También podemos usar las llamadas técnicamente “bombas de calor”, es decir los equipos de aire acondicionado tipo “Split”, reversibles frío/calor, en modo calor en invierno. Son muy económicos y recomendables por su alta eficiencia energética, pues “multiplican la energía eléctrica que absorben de la red por cuatro”. Es decir una potencia equivalente de 1kW produce una potencia calórica de 4 kW.

Es muy importante recordar que se deben sellar las rendijas existentes e intersticios que pueden haber en puertas y ventanas con burletes auto-adhesivos para evitar las infiltraciones de aire frío, las que en días ventosos pueden provocar una pérdida de calor mayor que la producida por transmisión por muros, ventanas y techo.
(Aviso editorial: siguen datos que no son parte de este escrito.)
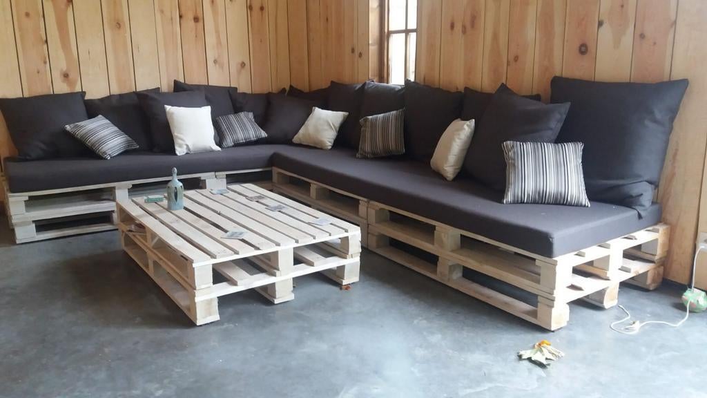 17 mrt 26Meynen krisDessel - Loungeset met veel kussens.Zelf gemaakte loungeset met op maat gemaakte kussens. Ik verkoop dit omdat verbouwingen gaan gebeuren. In goede staat. Ophalen ter plaatse. 240 Cm op 340cm. Met salontafel in pallet.Ophalen
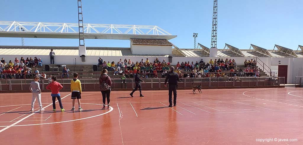 La jornada de convivencia ha contado también con la participación de la Unidad Canina de la Policía Local de Alicante que ha hecho una demostración. En concreto, Sena se ha encargado de buscar un arma de fuego entre varias personas que previamente habían salido al centro de la pista polideportiva.
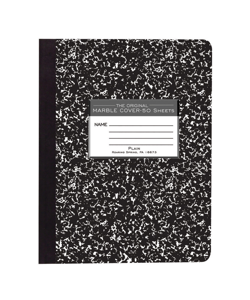 Record your notes in this permanently bound composition book. Paper is smooth 15# writing paper that is plain-no ruled lines of any kind. Great for sketches! Covers are a hard white board that are printed in the traditional black marble pattern. Inside of covers is printed with class schedule and other useful information. Each book is produced with center-sewn and tape bound construction, not designed for sheet tear-out. Sheet size is 9.75" x 7.5" and there are 50 sheets per book. Proudly made in USA!
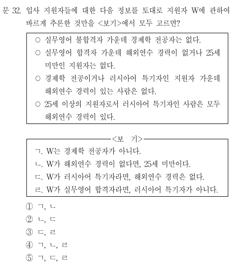 W가 합격자일 때, 2번째 보기를 보고 해외연수 경력이 있고 25세 이상이여야 한다고 생각 했습니다.. 그리고 지문 ㄷ을 판별 할려고 했을 때 러시아어 특기자라면 해외 연수 경력은 없다는 것을 2,3번 보기에 적용시켜 생각했을 때 러시아어 특기자는 해외연수 경력은 있다는 것 같았는데... 이런식으로는 답을 구해 낼 수 가 없었습니다.
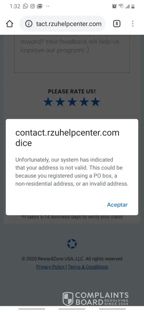 Completé todos los incentivos para esta recompensa. Intenté repetidamente contactar a la compañía, sin respuestas, en absoluto. Ahora tengo todas estas suscripciones a productos que realmente no necesito. No sé si cancelarlos de inmediato o esperar, con suerte, una respuesta de recompensazoneusa. No estoy segura de si esto es una estafa o no.pero ocupo una respuesta
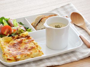 大皿やカフェプレートとも相性がよく、ココットにスープやサラダを盛り付けた一品料理をぽこっと乗せるだけで、カフェメニューのようなワンプレートが完成!
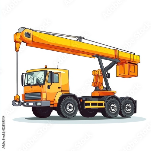 Crane Truck isolated on white background. Heavy Machinery. Construction Vehicle. Mobile Crane. Truck with Crane Arm. Crane Truck Design Element. Realistic Crane Truck isolated for Designers.
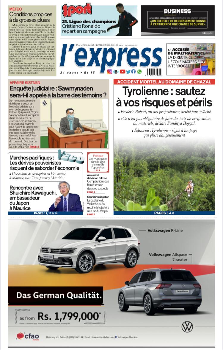 En une de l'express: Accident mortel au Domaine de Chazal: Tyrolienne: sautez à vos risques et périls; Autre titre: Affaire Kistnen: Enquête judiciaire : Sawmynaden sera-t-il appelé à la barre des témoins ?
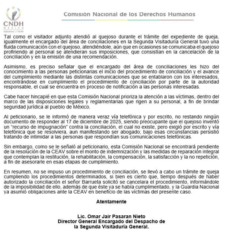 El acta conciliatoria de este caso, precia el escrito, fue aceptado por el director de Quejas, Conciliaciones y Medidas de Protección en Derechos Humanos de la GN, el 2 de septiembre de 2025 en las instalaciones del organismo, con lo que se dio por solucionado el expediente.
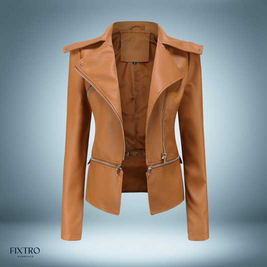 Luksus dobbeltradet læderjakke med fåreskindskrave til kvinder
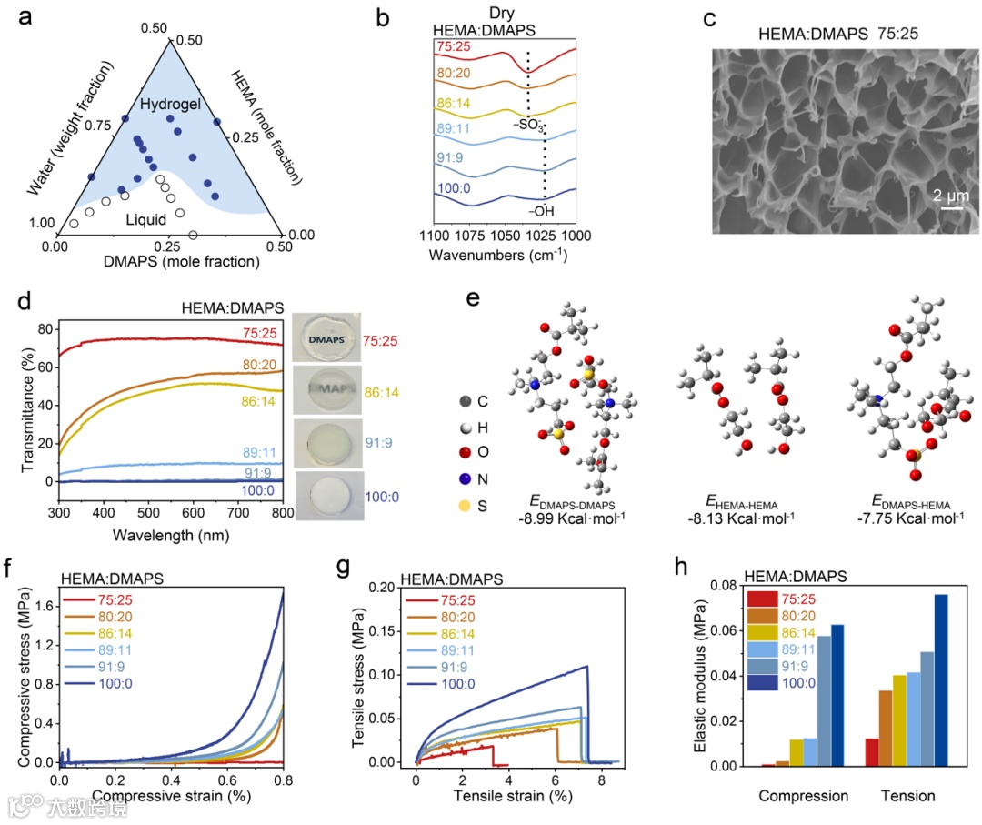 研究人员通过改变两种单体的摩尔比例来调控水凝胶的透明度和机械性能(图2a,b,c,d,f,g,h)。密度泛函理论模拟计算的分子间相互作用揭示了水凝胶合成的内部机理:HEMA更倾向与HEMA发生相互作用,从而引发单体聚集。DMAPS倾向于与水结合并增加光学透明度。图2e显示,DMAPS-DMAPS和HEMA-HEMA的结合能高于DMAPS-HEMA的结合能,表明水凝胶内部可能存在微观相分离。

“El gasto energético en calefacción es importante –  hasta el 50% del consumo en el hogar – y por cada grado que se suba la temperatura, el gasto aumentará un 7%. La temperatura de confort en invierno es entre los 19 y 21 grados centígrados, y durante la noche basta con que los dormitorios estén entre 15 y 17º, según indica el Instituto para la Diversificación y el Ahorro de la Energía (IDAE), España”.

Por último, un par de consejos útiles:

  • Para ventilar completamente una habitación es suficiente con abrir las ventanas 10 minutos para renovar el aire.
  • Cierre persianas y cortinas por la noche: evitará importantes pérdidas de calor.